On 25 August 2014 19:06, Johannes Birringer <[log in to unmask]
> wrote:

> dear all
>
> what would such "unexpected effects" on culture or contemporary subjects
> be?
>
> and how would you exhibit games (or their design evolution) –- as their
> intimate use is proposed here as one of the main aspects, perhaps similar
> to fashion/costume objects –  if you don't invite the visitors to gallery
> to play them or
> experience their "systemic" aspects as Adam suggests?
>
> I don't think I imagined an arcade, when I raised the question. Rather, I
> was wondering how one could exhibit, for example, the
> "interface-manipulation" that William writes about without the
> game-playing; and how one might progress to offer a critique of the
> (apparent) dominance of interactivity and participation in the museum –  (I
> hardly think the interactive paradigm is dominant in the visual arts). It
> would interest me to hear more about the game-based aesthetics you mention
> (e.g. the 'twitch') and how you would interrogate and expose these, and
> expose them in a meaningful relationship to "other fields of cultural
> activity". Are you implying that game design is comparable, for example, to
> process art, generative processes (in music/sound), performance? what
> notion of performance is imagined by game designers, is it an action based
> concept (without the actor, in a theatrical sense) or is performance
> process related to the "world" (represented) in the game, the narratives,
> or the gain (level advancement, competition, etc)? Finally, would you have
> an example of exhibiting different "scale"  - are you here thinking of game
> as an "expanded field" (as it was once said about sculrture in the 90s,
> when sculpture came to include not only Beuy's notion of a social sculpture
> but public art projects, neighborhood & community projects? Is there a
> critical approach (on design matters) regarding the evolution of
> multiplayer online communities (MMORPGS) etc?
>
> regards
> Johannes Birringer
>
>
>
> [William Huber schreibt]
>
> Hello, everyone. I work with Gregor as a Lecturer at Abertay University;
> my research is in the field of game studies,  from an art/media historical
> perspective.  What follows are some disparate thoughts about the exhibition
> of games, and how a museological approach might illuminate our
> understanding of the way that games are made, and the unexpected effects
> they might have on us as contemporary subjects.
>
> I agree that conventional chronological approaches, as well as
> genre-historical ones, may not be the only best use of exhibition space,
> and that simply creating a space to play games ("arcade in the museum")

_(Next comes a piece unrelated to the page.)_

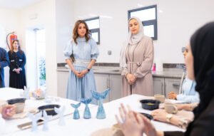 وشاهدت جلالتها عرضاً في ملعب المركز لأطفال مشاركين في تدريب على الكاراتيه، كما اطلعت في مشغل الحرف اليدوية على منتجات لسيدات مشاركات في برامج التمكين الذي تضمن صناعة وتشكيل الفخار، وفي قاعة “الكراميش” المخصصة للأطفال من عمر 3 إلى 6 سنوات، شاهدت جانباً من البرامج التي تُنفذ فيها للثقافة المالية والاجتماعية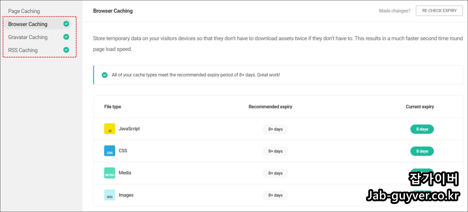 이렇게 브라우저캐싱과 그라비팅캐싱,RSS캐싱등을 활성화해줍니다.

> fails to contribute to any real understand of them: it risks being a crude
> mechanism for naive claims of cultural significance.
>
> Responding to the call for thinking about the relationship between
> producers (from solo makers to globally distributed networks of
> production), the objects (platforms, software, representations, systems)

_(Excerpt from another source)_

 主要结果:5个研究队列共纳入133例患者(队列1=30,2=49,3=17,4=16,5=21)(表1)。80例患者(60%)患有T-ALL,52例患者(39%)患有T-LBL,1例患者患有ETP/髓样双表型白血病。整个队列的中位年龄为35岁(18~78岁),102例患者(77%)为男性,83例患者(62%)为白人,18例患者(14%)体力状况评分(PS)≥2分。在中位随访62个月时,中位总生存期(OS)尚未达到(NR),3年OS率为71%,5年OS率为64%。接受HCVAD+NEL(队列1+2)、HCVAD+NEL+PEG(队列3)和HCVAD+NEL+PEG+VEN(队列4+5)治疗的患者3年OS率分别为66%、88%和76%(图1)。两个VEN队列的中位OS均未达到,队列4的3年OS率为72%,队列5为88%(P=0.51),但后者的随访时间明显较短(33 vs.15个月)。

> and publics (players and other stakeholders), scale, rather than chronology
> or genre, may offer another organizing principle, and within expansions of
> scale, we might think about the effects which games sustain, and take them
> as the dominant native aesthetics of games.
>
> There are three broad categories of game-based aesthetics (in the broadest
> sense of the term, as descriptions of the qualia of human experience)

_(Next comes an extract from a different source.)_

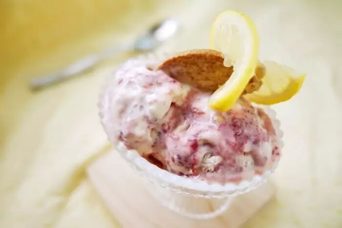 3.将解冻的樱桃碾碎,洒在制作好的冰淇淋上面,搅拌均匀即可。

> which I think could be considered: relational, procedural, and "twitch"
> (kinaesthetic/cognitive.) Of course, games participate in traditional
> visual, auditory and conceptual aesthetics, as well, but these three strike
> me as the most "native" to game design, and also represent the strongest
> contributions that games make to our understanding of the space of the
> aesthetic.
>
> I think, following Gregor, that disaggregation of the elements of design
> and game experience would help foreground their contributions to
> contemporary culture (e.g., could we imagine Twitter and Instagram becoming
> important elements of network-driven culture if a set of literacies and
> competencies in interface-manipulation hadn't been forged by generations of
> game-players? Have games participated in a reorganization of human
> attention that has significance for other fields of cultural activity?)